[Problem to solve]:
Your answer is the lines below, exactly, from the one that contains "Декор для творчества" through the one that contains "- š„¤ćPerfect for", both included.

──────── Input material

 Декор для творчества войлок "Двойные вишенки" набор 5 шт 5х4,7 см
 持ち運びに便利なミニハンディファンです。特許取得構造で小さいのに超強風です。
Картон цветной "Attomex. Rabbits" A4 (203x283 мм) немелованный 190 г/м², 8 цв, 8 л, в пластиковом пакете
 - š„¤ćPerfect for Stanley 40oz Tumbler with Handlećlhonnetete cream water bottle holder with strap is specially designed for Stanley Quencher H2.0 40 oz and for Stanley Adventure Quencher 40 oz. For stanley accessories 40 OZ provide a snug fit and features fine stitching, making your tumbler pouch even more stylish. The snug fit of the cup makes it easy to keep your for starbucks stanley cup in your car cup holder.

────────────────
──────── Input material

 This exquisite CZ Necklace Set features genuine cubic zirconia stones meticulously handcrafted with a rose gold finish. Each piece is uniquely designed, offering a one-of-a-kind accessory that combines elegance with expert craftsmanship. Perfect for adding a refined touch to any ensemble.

────────────────
──────── Input material

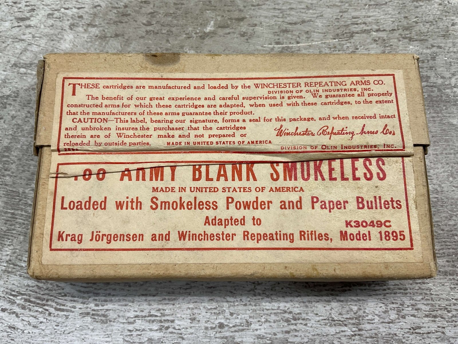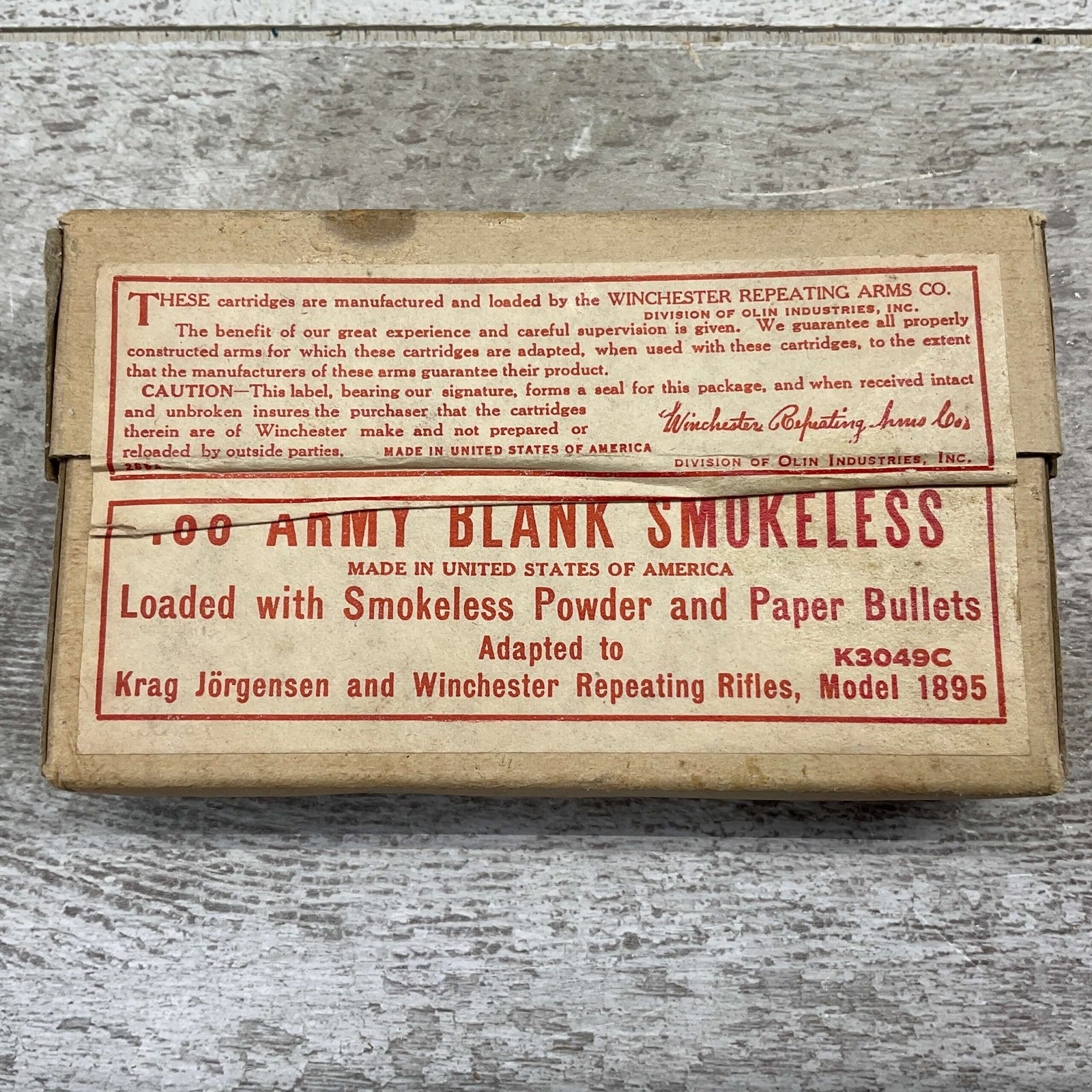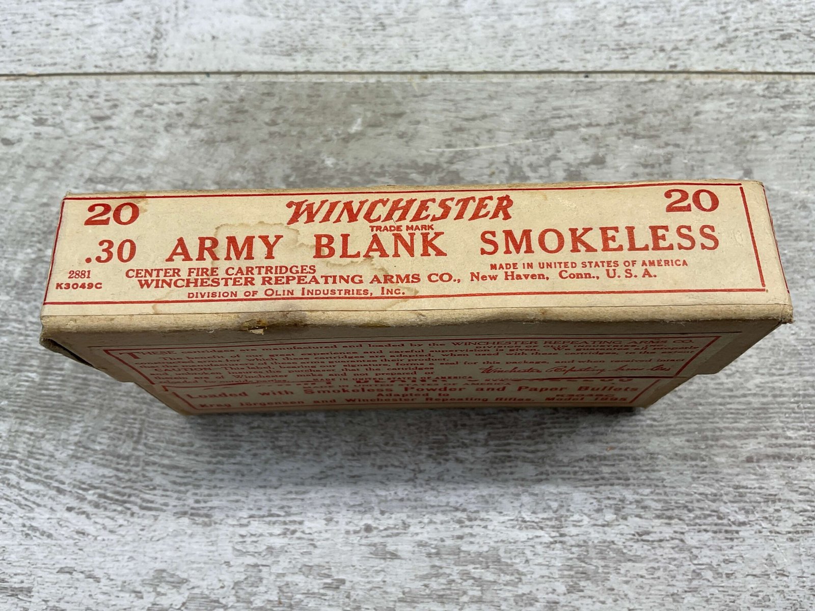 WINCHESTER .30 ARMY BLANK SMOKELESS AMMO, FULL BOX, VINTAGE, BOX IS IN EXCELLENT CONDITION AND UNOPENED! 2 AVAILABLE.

────────────────

[Solution to this problem]:
 Декор для творчества войлок "Двойные вишенки" набор 5 шт 5х4,7 см
 持ち運びに便利なミニハンディファンです。特許取得構造で小さいのに超強風です。
Картон цветной "Attomex. Rabbits" A4 (203x283 мм) немелованный 190 г/м², 8 цв, 8 л, в пластиковом пакете
 - š„¤ćPerfect for Stanley 40oz Tumbler with Handlećlhonnetete cream water bottle holder with strap is specially designed for Stanley Quencher H2.0 40 oz and for Stanley Adventure Quencher 40 oz. For stanley accessories 40 OZ provide a snug fit and features fine stitching, making your tumbler pouch even more stylish. The snug fit of the cup makes it easy to keep your for starbucks stanley cup in your car cup holder.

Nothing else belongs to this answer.